Although X received the summons to appear in court, he chose not to. The district court therefore entered an order against X, prohibiting him from using the domain names and ordering him to transfer the names to the two companies. The French companies then sought to enforce the French court's order in Korea. They demanded that the Korean court make X, Hangang Systems and ICANN transfer the domain names in accordance with the order obtained in France.
Upon request from X, the Korean court issued a preliminary injunction preventing Hangang Systems from transferring the names without X's consent because, said the court, the registrar has a legal duty to maintain and manage the domain names registered by X.
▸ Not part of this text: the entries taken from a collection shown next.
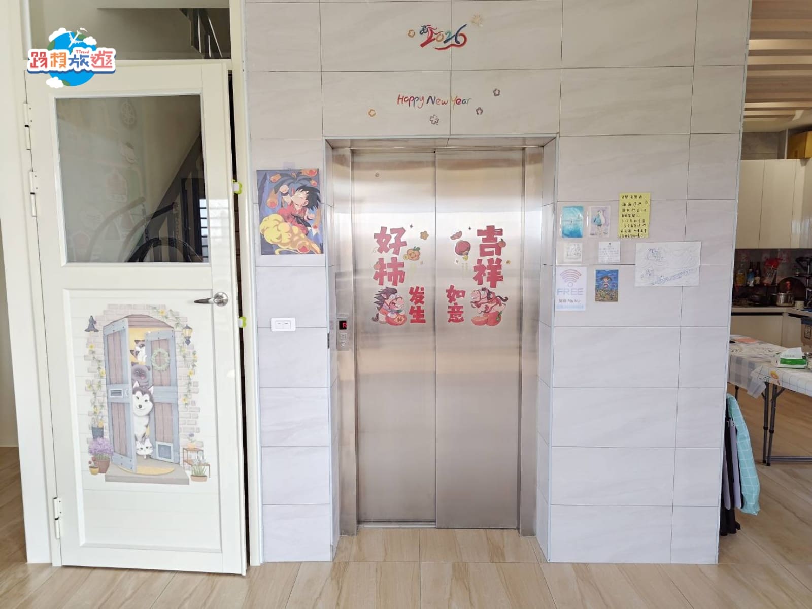 中間最吸引我注意的就是這間民宿內居然有「電梯」! 只能說老闆真的是大手筆,雖然民宿客房樓只有三樓,依舊把電梯搬進來,讓房客完全不用花力氣把行李台上去,而且有趣的是當天老闆跟我們介紹房間後,我們搭電梯下來老闆是走樓梯下來,完全就是把客人當主人一樣的概念XD
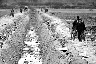 ① 1月31日,江西省南丰县白舍镇田东村农民在整修农田灌溉水渠。 新华社记者 周 科摄
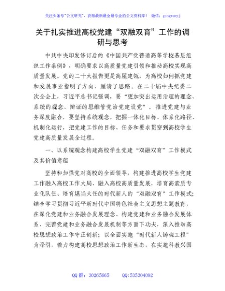 / 扎实推进高校党建“双融双育”工作的调研与思考(调研报告)
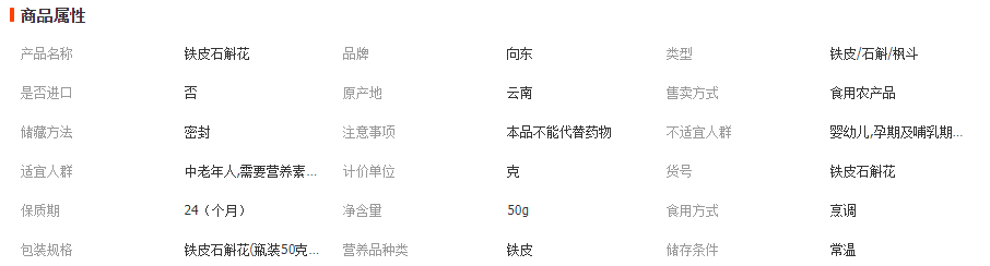 | 铁皮石斛花 | 550 | 530 | 500 |
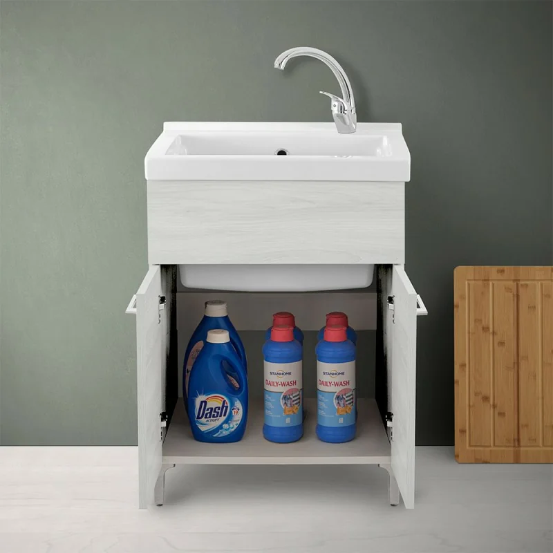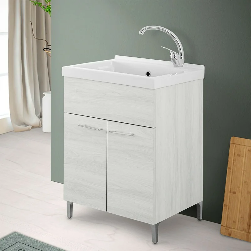 Mobile lavatoio – in rovere bianco con 2 ante,vasca in ceramica e kit di scarico incluso
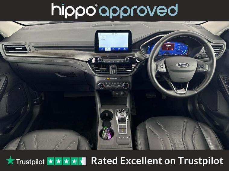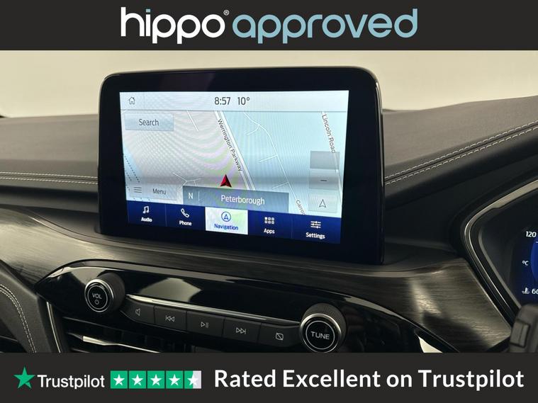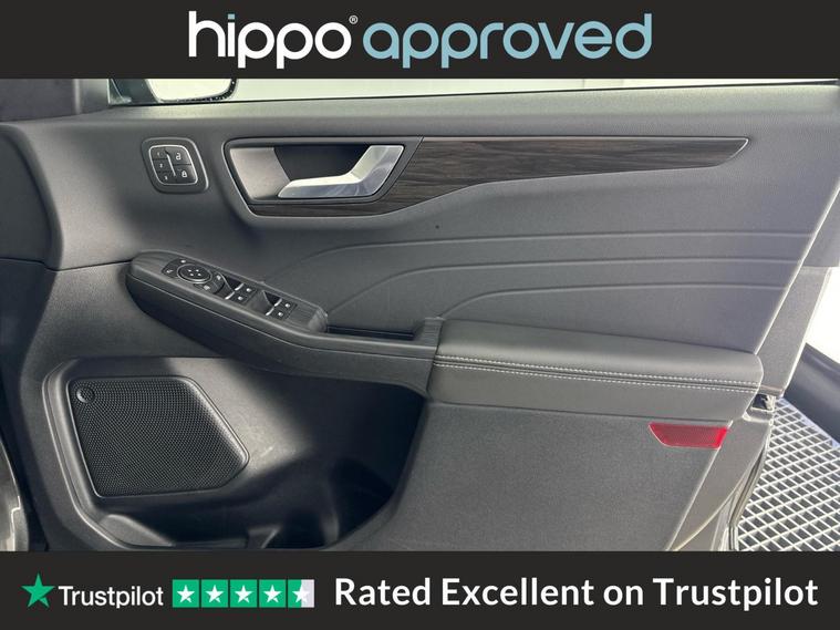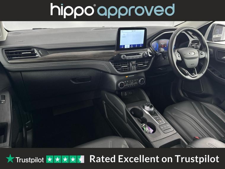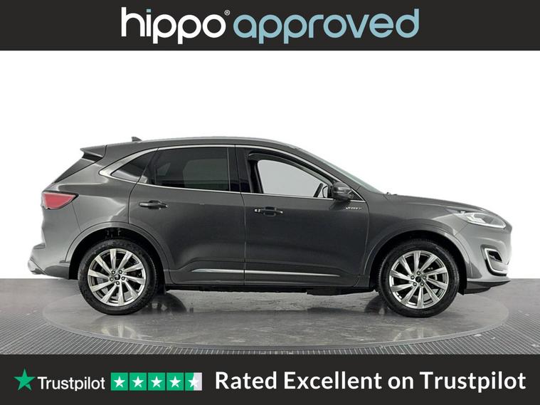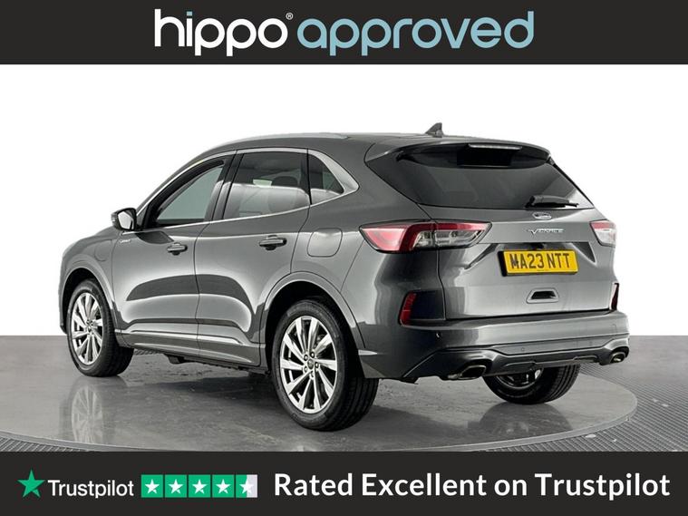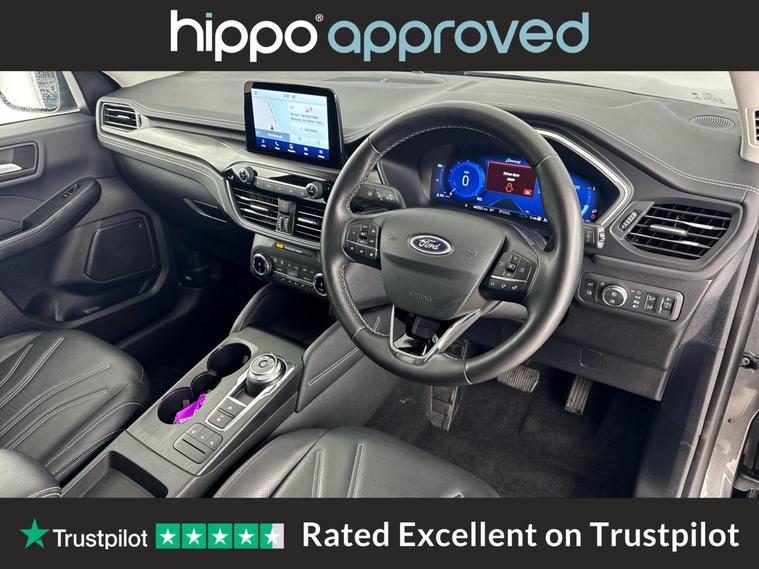Hippo Approved is known for a wide selection of vehicles suited for various needs and budgets. Each car undergoes a rigorous 130-point quality and safety inspection at our state-of-the-art 3 million preparation centre, ensuring your peace of mind. Additionally, we offer tailored finance packages for personal and business use, making it easy to acquire your ideal car. Presenting the Ford Kuga 2.5 Duratec 14.4kWh Vignale SUV, a versatile petrol plug-in hybrid with a seamless CVT transmission that aligns with Euro 6 emissions standards. With a mileage of 44, 446 miles, this SUV combines efficiency with comfort, offering a range of premium features. The vehicle boasts 19-inch alloy wheels with a 5x2 spoke design in Luster Nickel. Experience comfort with the Electronic Automatic Temperature Control and heated driver, passenger, and rear seats, complemented by a heated steering wheel and quickclear heated windscreen for those frosty mornings. Benefit from the Ford SYNC3 DAB Navigation System, including GEO Awareness, which informs you of ULEZ zones during your journeys. Parking is made easy with front and rear sensors accompanied by a rear-view camera. The Kuga also includes privacy glass and a winter pack for added convenience. Cruise control with a speed limiter ensures a relaxed drive. The sensico-trimmed steering wheel with medium light stone stitching adds an elegant finish to this well-equipped SUV.

According to Article 3 of ICANN's Uniform Domain Name Dispute Resolution Policy (UDRP), a domain name registration may be cancelled, transferred or changed by an order of a court in a competent jurisdiction. Therefore, the issue in this case was whether the Nante District Court had jurisdiction over the dispute.
The Korean court considered the country's new Conflict of Law Rules Act which came into force on July 1 and found that the courts in the place of the registrant's domicile and the courts in the place where the registrar is located have jurisdiction to order the transfer of domain names. This interpretation is compatible with Article 4 of the UDRP.
Thus, the Korean court ruled that the French court's order need not be enforced in Korea as the French court did not have jurisdiction to hear the dispute regarding the domain names.